Abstract

Protein-protein interactions (PPIs), as an important molecular process within cells, are of pivotal importance in the biochemical function of cells. Although high-throughput experimental techniques have matured, enabling researchers to detect large amounts of PPIs, it has unavoidable disadvantages, such as having a high cost and being time consuming. Recent studies have demonstrated that PPIs can be efficiently detected by computational methods. Therefore, in this study, we propose a novel computational method to predict PPIs using only protein sequence information. This method was developed based on a deep learning algorithm-stacked sparse autoencoder (SSAE) combined with a Legendre moment (LM) feature extraction technique. Finally, a probabilistic classification vector machine (PCVM) classifier is used to implement PPI prediction. The proposed method was performed on human, unbalanced-human, H. pylori, and S. cerevisiae datasets with 5-fold cross-validation and yielded very high predictive accuracies of 98.58%, 97.71%, 93.76%, and 96.55%, respectively.
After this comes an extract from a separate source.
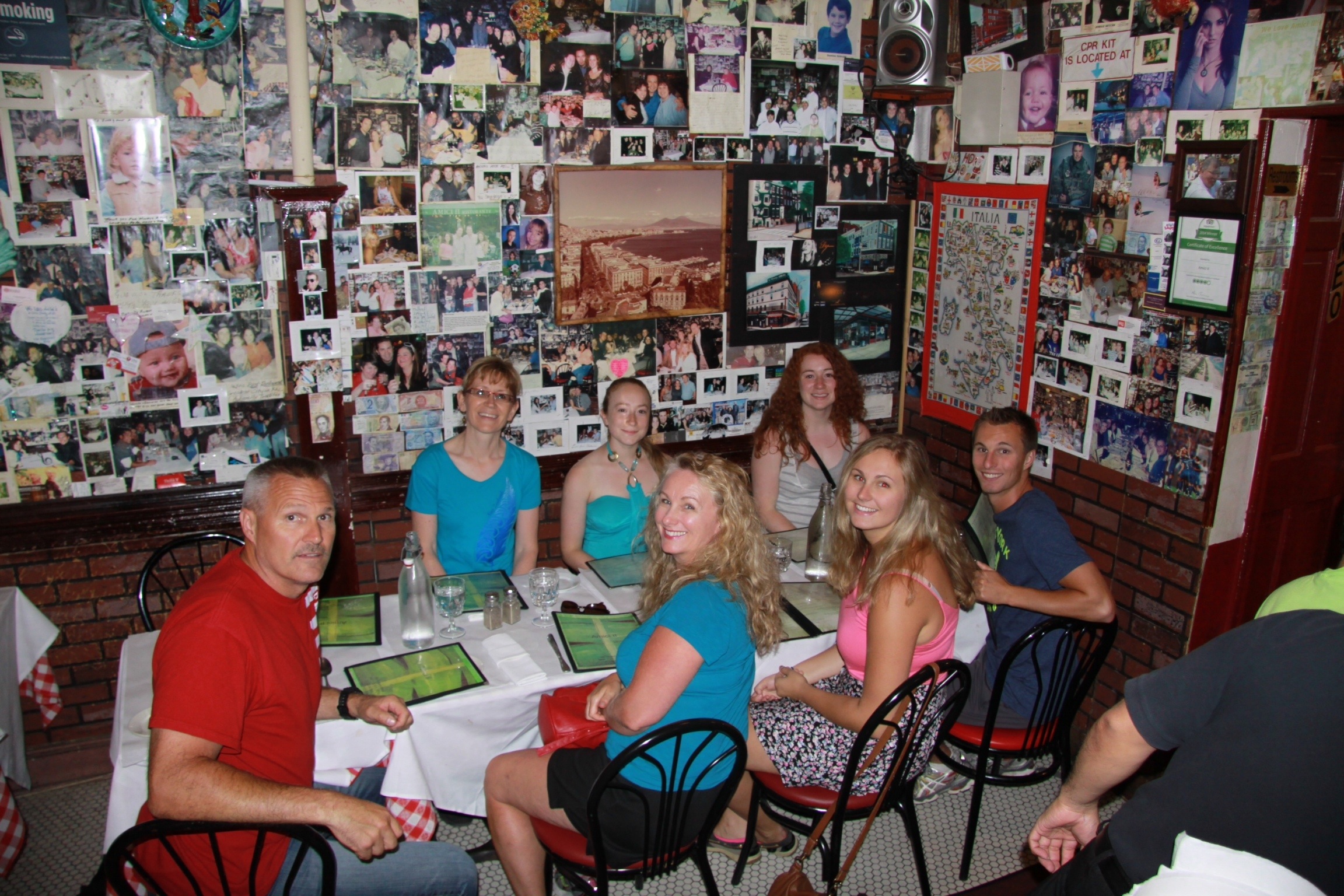 By this time we were ready for supper, and what better place to be on a Saturday night than Mulberry Street in Little Italy? The streets were blocked off and there were many vendors selling their wares. We ate at a delightful restaurant called “Amici II Ristorante”. We enjoyed rigatoni, ravioli, fettuccine, penne, spaghetti, gnocchi, and pizza!! This was preceded by delicious fresh bread smothered in garlic and herb soaked olive oil. We smell awesome!!

To further evaluate the performance of our method, we compare it with the support vector machine- (SVM-) based method. The experimental results indicate that the PCVM-based method is obviously preferable to the SVM-based method. Our results have proven that the proposed method is practical, effective, and robust.

Highlights

  • Most important molecular processes in cells are performed by different types of protein interactions

  • The proposed method was performed on human, unbalanced-human, H. pylori, and S. cerevisiae datasets with 5-fold cross-validation and yielded very high predictive accuracies of 98.58%, 97.71%, 93.76%, and 96.55%, respectively

  • We propose an efficient protein evolution feature extraction scheme, which used a deep learning algorithm combined with Legendre moments (LMs) and position weight matrix (PWM)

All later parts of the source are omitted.